◆ **Data**
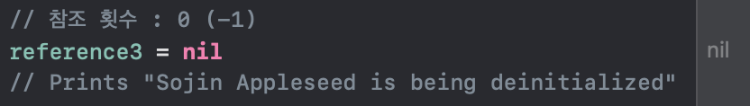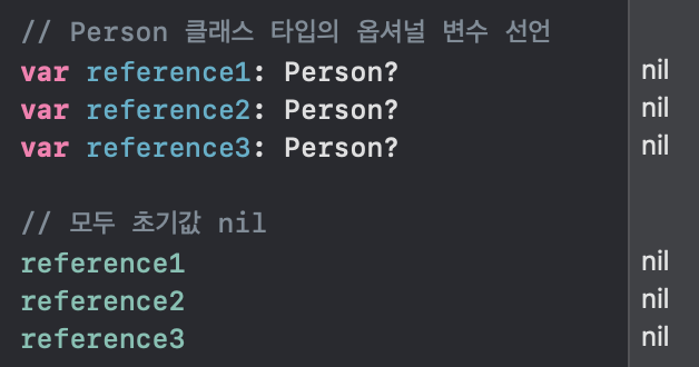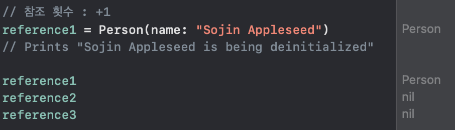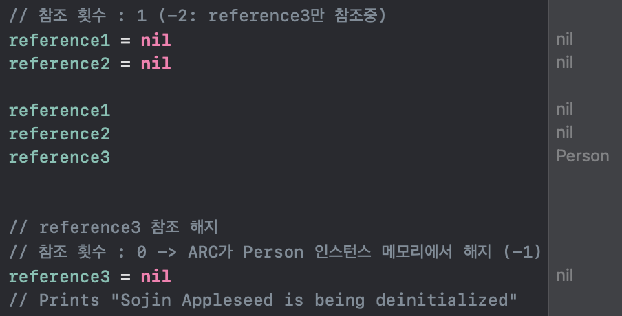 그래서 reference 1이 nil 값을 가져도 Person 인스턴스의 주소 값을 그대로 가지고 있는겁니당
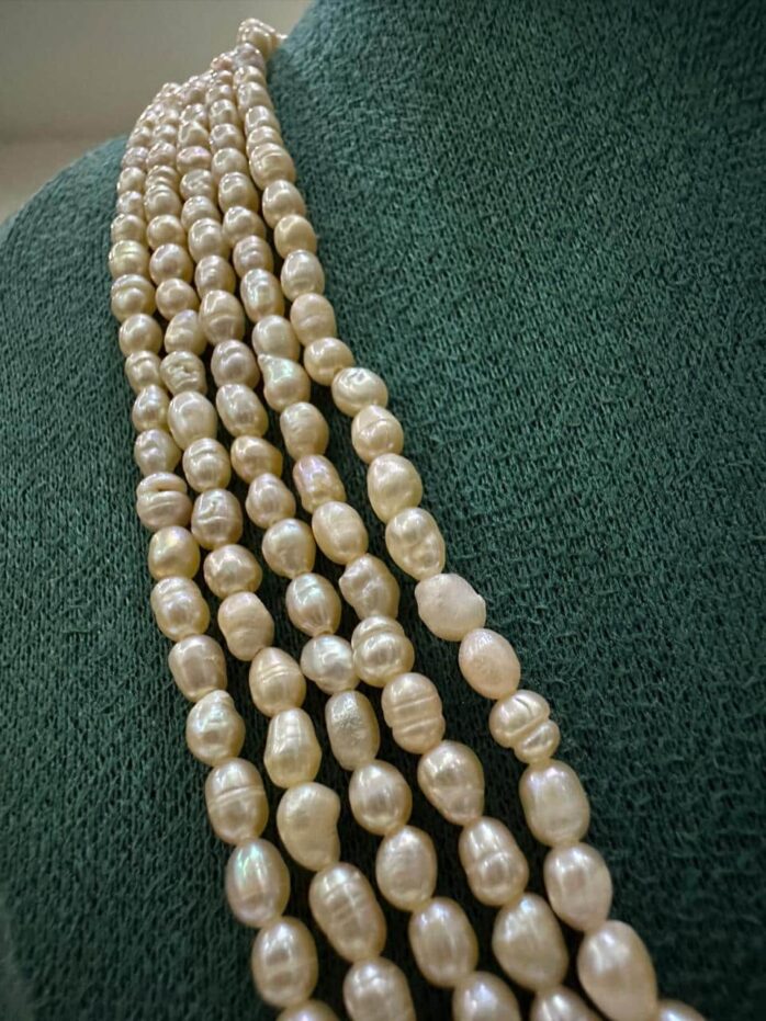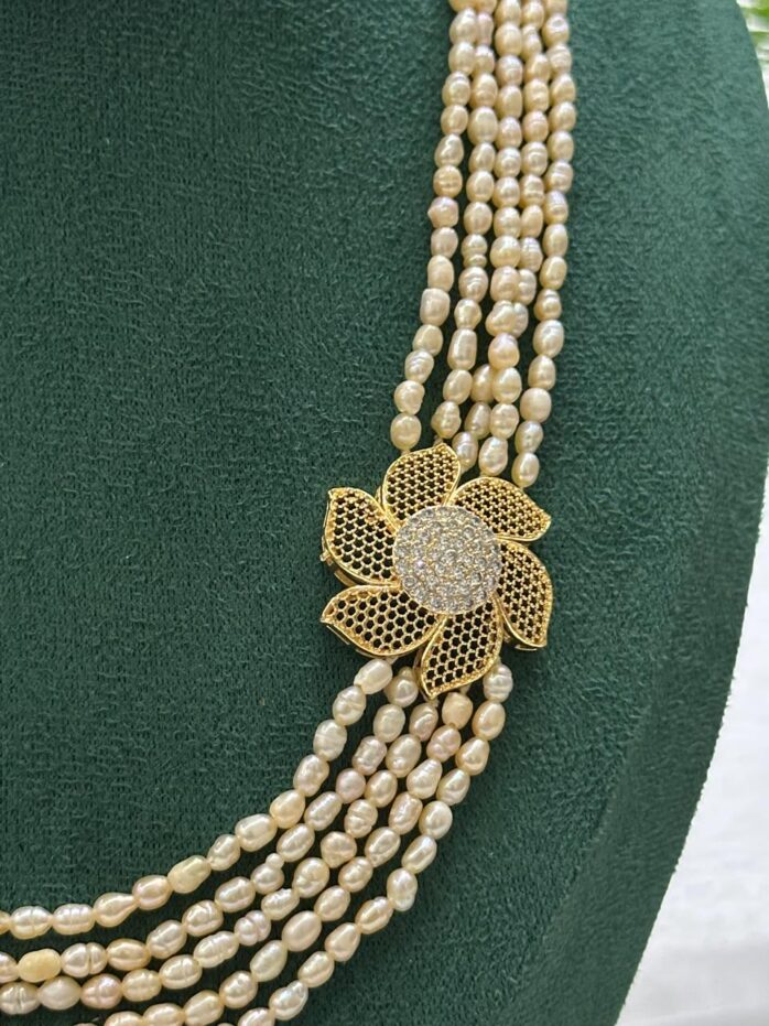 This 5 layer pearl necklace is crafted with premium 4mm freshwater rice pearls in a soft pink tone, giving it a graceful and feminine appearance. The layered design adds volume and richness, making it perfect for special occasions and traditional outfits.
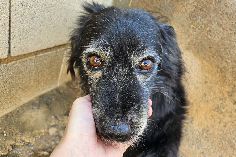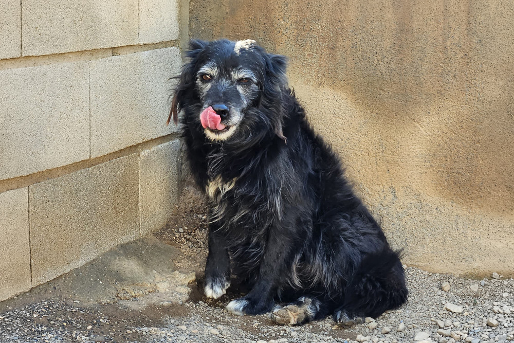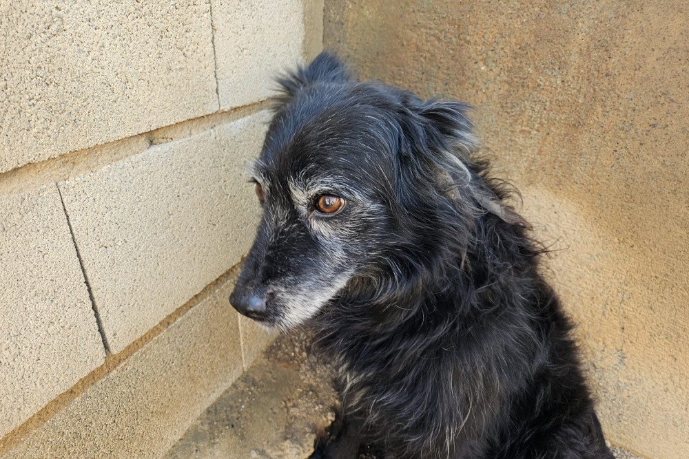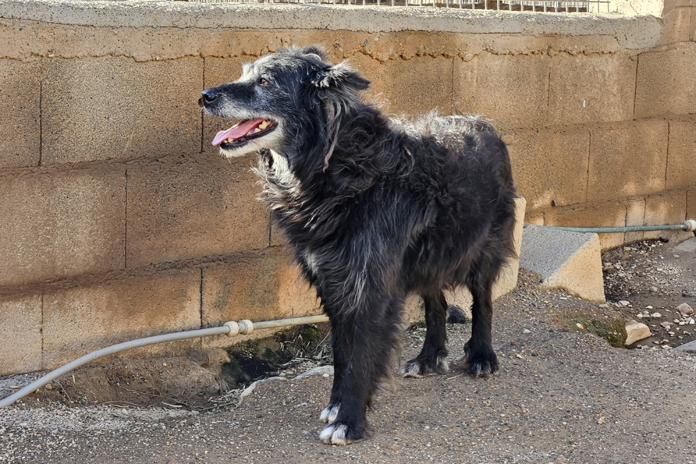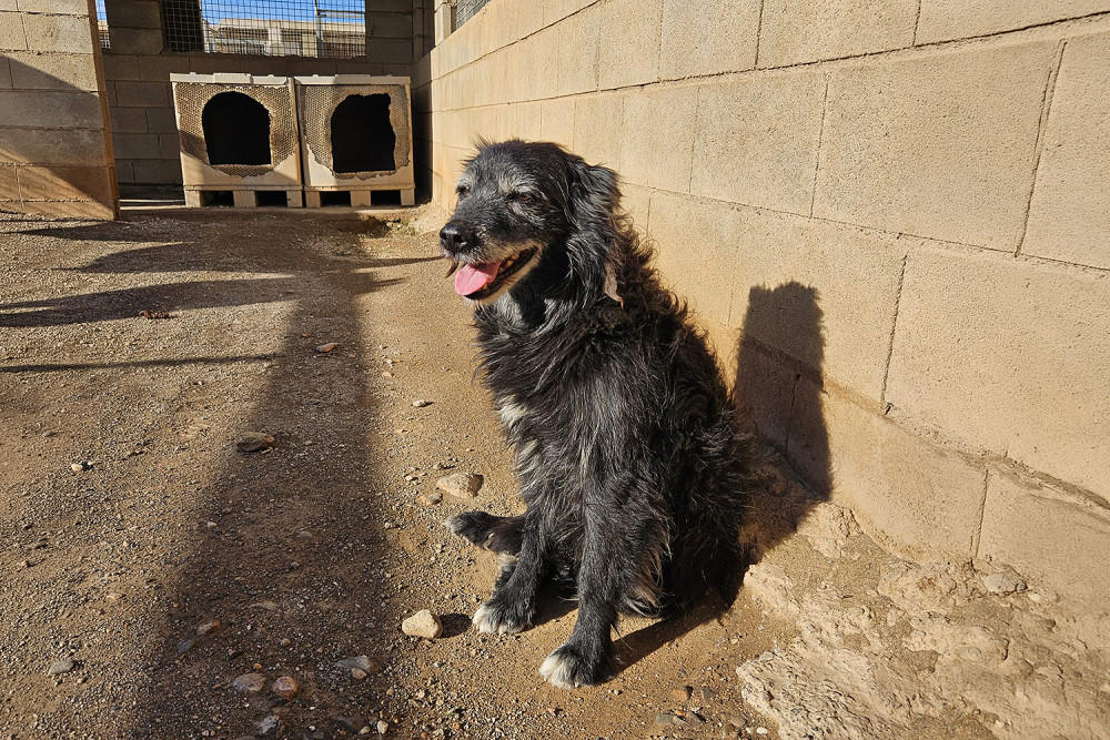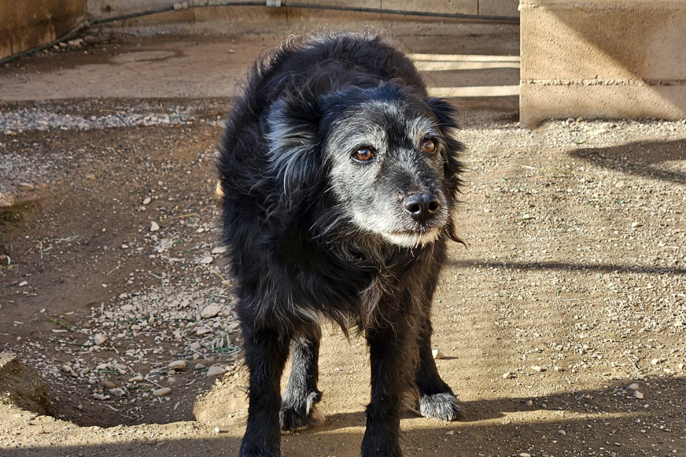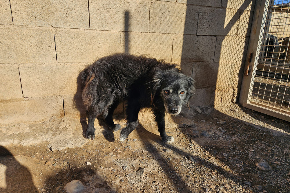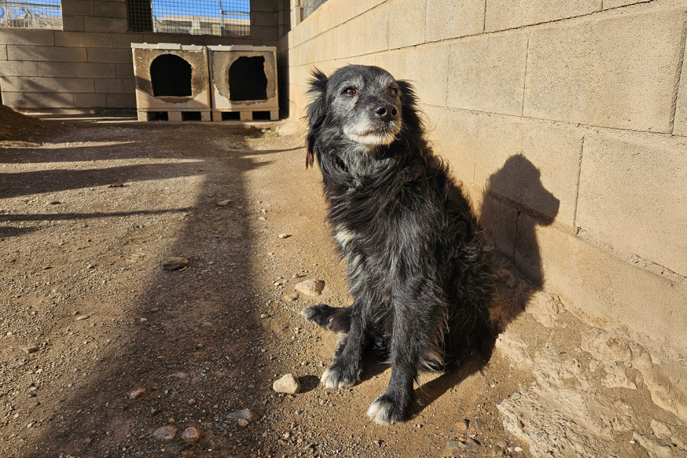Curro es un mestizo ya adulto cuya vida no ha sido fácil y que entró a formar parte del refugio el 23 de enero de 2026. Es un perro negro de pelo medio y ya con canas en cejas y morro. Sobre su carácter os podemos decir que es un perro tímido, pero increíblemente bueno. Comparte parcela con Muffin y se llevan genial. Sus fotos transmiten la ternura de quien no entiende dónde está y sus ojos piden un hogar donde le quieran y le mimen. Ojalá su futura familia le vea y se enamore del cuanto antes.

◆ **Task directions**
The output is the data above, repeated exactly, with pictures omitted.

◆ **Response area**
 그래서 reference 1이 nil 값을 가져도 Person 인스턴스의 주소 값을 그대로 가지고 있는겁니당
 This 5 layer pearl necklace is crafted with premium 4mm freshwater rice pearls in a soft pink tone, giving it a graceful and feminine appearance. The layered design adds volume and richness, making it perfect for special occasions and traditional outfits.
Curro es un mestizo ya adulto cuya vida no ha sido fácil y que entró a formar parte del refugio el 23 de enero de 2026. Es un perro negro de pelo medio y ya con canas en cejas y morro. Sobre su carácter os podemos decir que es un perro tímido, pero increíblemente bueno. Comparte parcela con Muffin y se llevan genial. Sus fotos transmiten la ternura de quien no entiende dónde está y sus ojos piden un hogar donde le quieran y le mimen. Ojalá su futura familia le vea y se enamore del cuanto antes.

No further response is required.